Photo: Pat erb and Brent Burley at Dodger stadium

.    By Bill Tarrant

Brent Burley likes to go by the book.

When the Principal Software Engineer for Wal Disney Animation Studio first took up bowling with his wife Pat Erb, he read a how-to book about bowling – and then rolled a 150.

Brent, 58, didn’t play competitive sports growing up. “My mother didn’t like organized sports. She didn’t like how competitive the parents were, didn’t like the environment.”

Pat’s mother was just the opposite: “My mom put us all in park and rec leagues; she had us in everything because she liked local sports,” said the divorce and mediation lawyer who grew up in West LA and has been playing ball since she was 5.

So when Pat, 62, convinced her husband of 33 years to try softball for the first time around the age of 40, Brent looked for a book. He found “Dr. Whacko’s Guide to Slow-Pitch Softball,” which according to the book blurb “Uses imaginary stories about the Mouth Breathers, a softball team, to explain the fundamentals of hitting, pitching, playing the field and baseball strategy.”

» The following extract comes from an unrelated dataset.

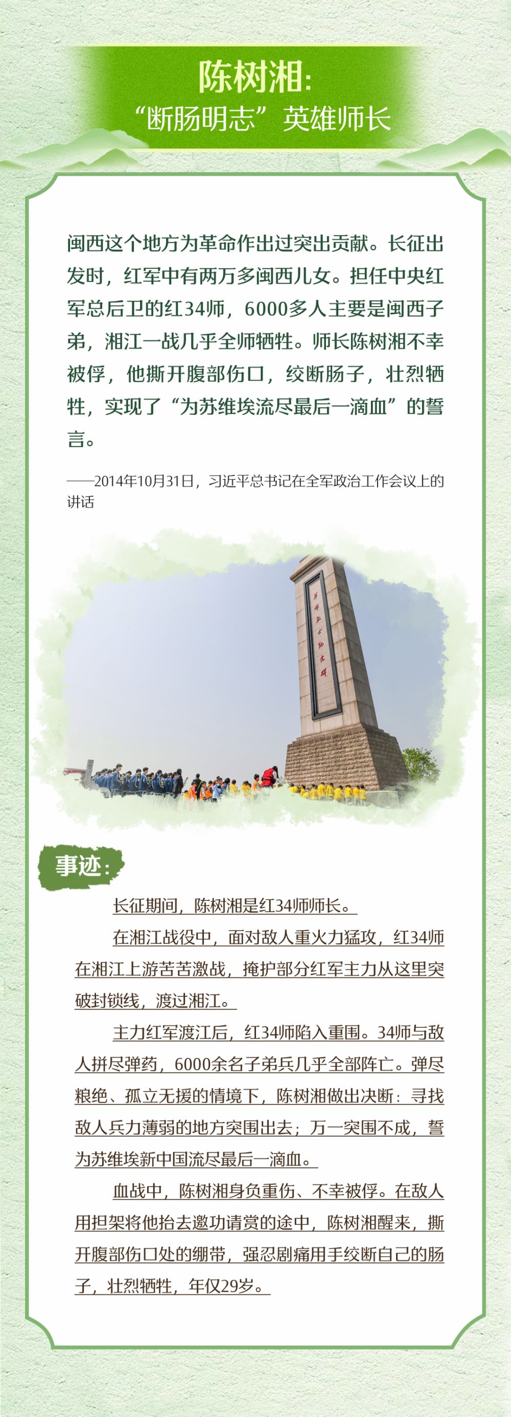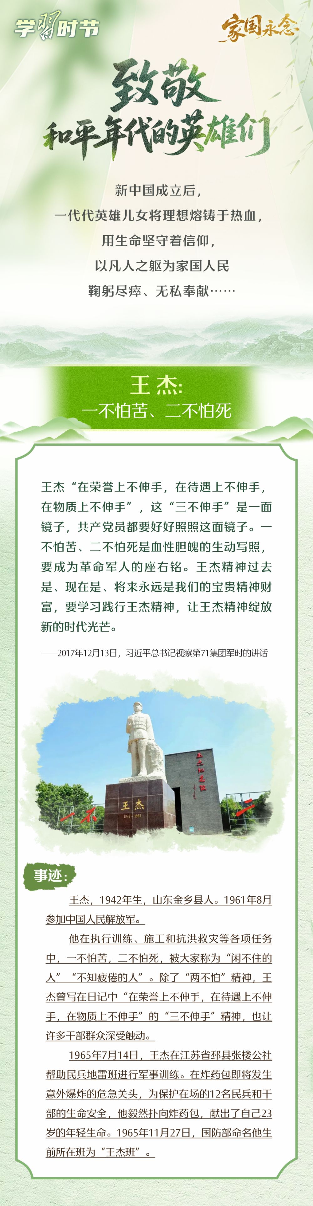 “天地英雄氣,千秋尚凜然?!绷暯娇倳浿赋觯瑢σ磺袨閲?、為民族、為和平付出寶貴生命的人們,不管時代怎樣變化,我們都要永遠銘記他們的犧牲和奉獻。清明節(jié),讓我們重溫習近平總書記緬懷革命先烈以及和平年代英雄們的深情話語,一起學習英烈事跡,賡續(xù)精神血脈,凝聚前行力量。

“I started at zero. I was missing everything,” Brent recalled. “I was playing right field and running in for everything and then having it go over my head.”

At first, he flew out to left a lot. Then he went to the batting cages and honed his right-field approach. Eight games into the Culver City Senior Softball League’s season, he’s the second-leading hitter on the 2nd-place Gold team (behind the incomparable Jim Devico), sporting a .757 average with 10 extra base hits, including 3 homers.

Pat, who plays first base, can boast a .667 average from the six hole in the Gold lineup after a 4 for 5 day at the plate in Gold’s 21-18 victory over Black on April 13. Like Brent, the Gold team went by the book in the victory – taking an early lead with strong hitting and solid defense and closing it out with good pitching. Both teams began play at 4-3.

“You have a great team,” Black manager Gary Butcher told me. “Your top five in the order produced a lot of 5-run innings. Then you have Pat. She’s always on base, and the only way we got her out was (shortstop) Joe Owens making that spectacular catch in the outfield.”

Pat is among a dozen or so women in the league and one of the best.She has spent her legal career advocating for women and children, first in LA’s District Attorney Office in child support services. “It was in law school (at Pepperdine University) that I decided I wanted to help women.” The couple have two sons, aged 29 and 26.

Pat, who plays first and take throws across the infield from third-baseman Brent, says they never argue about the games. “On our way home, we’ll talk about the game and that’s fun, too. And sometimes, we help each other; he’ll ask for a better target and I might tell him he’s stabbing at the ball (instead of catching it).”